Doch sie fühlt sich nicht besser – oft ist sogar das Gegenteil der Fall. Gegenüber Rico hatte die Frau schliesslich versichert, mit der Sache nichts zu tun zu haben. Florence macht sich Vorwürfe, eine Unbeteiligte in die Sache hineinzuziehen. Zu den Albträumen kommen Gewissensbisse und neue Selbstzweifel hinzu – während das unheimliche Gespenst weiterhin aktiv in ihrem Leben wütet.

Als das Jahr zu Ende geht, hat sie nur einen einzigen naiven Wunsch: Dass sich «dieser Mensch» einen guten Neujahrsvorsatz fasst und mit der ganzen Sache aufhört. Sie geht erneut zur Polizei, erkundigt sich telefonisch nach Neuigkeiten und wird immer wieder vertröstet – bis sie einen Anwalt einschaltet.

Doch es wird noch Monate dauern, bis die Polizei der mutmasslichen Täterin unter Zuhilfenahme von IP-Adressen endlich auf die Schliche kommt. Die Staatsanwaltschaft leitet ein Verfahren ein – gegen jene Frau, die das Ende der kurzen Episode mit Rico nicht verkraften konnte.
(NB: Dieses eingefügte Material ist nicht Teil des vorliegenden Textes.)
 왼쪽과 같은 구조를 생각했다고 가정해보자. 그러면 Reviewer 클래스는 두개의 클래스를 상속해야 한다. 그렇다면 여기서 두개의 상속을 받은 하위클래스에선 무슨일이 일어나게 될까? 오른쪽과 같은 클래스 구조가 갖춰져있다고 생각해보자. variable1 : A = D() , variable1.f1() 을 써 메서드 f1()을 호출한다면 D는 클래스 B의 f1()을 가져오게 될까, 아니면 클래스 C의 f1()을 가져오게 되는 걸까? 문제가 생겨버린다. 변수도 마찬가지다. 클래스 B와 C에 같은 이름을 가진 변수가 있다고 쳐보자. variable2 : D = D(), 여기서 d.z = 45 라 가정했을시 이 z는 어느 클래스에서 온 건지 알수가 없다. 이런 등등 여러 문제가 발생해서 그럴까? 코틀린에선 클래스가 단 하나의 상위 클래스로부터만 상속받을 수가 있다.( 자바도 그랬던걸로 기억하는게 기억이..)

Erst als ihr die Polizei klarmacht, dass sie die Stalking-Vorwürfe beweisen kann, gesteht die Frau alles. «Es war eine Frustaktion», erklärt sie in der Vernehmung. «Ich habe einen Scheiss gemacht.»

Langsam nur findet Florence zu ihrer inneren Ruhe, zu ihrem Schlaf und zur Lebensfreude zurück. Kaputtmachen lassen hat sie sich nicht, aber sie ist erschöpft. Auch heute schleicht sich die Angst immer wieder ein: Was, wenn es wieder anfängt? «Es klingt irgendwie alles so harmlos», sagt sie beinahe entschuldigend, nachdem sie die ganze Geschichte ausführlich erzählt hat: «Aber wer es nicht selbst erlebt hat, kann nicht wissen, wie schlimm es ist.»

Bis in der Schweiz eine Stalking-Strafnorm in Kraft ist, die eine bessere Strafverfolgung in Fällen wie jenem von Florence möglich macht, wird voraussichtlich noch mindestens ein Jahr vergehen. Und mehr als anderthalb Jahre nachdem für Florence alles begonnen hat, ist ihre Sache auch vor Gericht noch nicht abgeschlossen.

* Namen und biografische Daten sind aus Gründen des Persönlichkeitsschutzes geändert.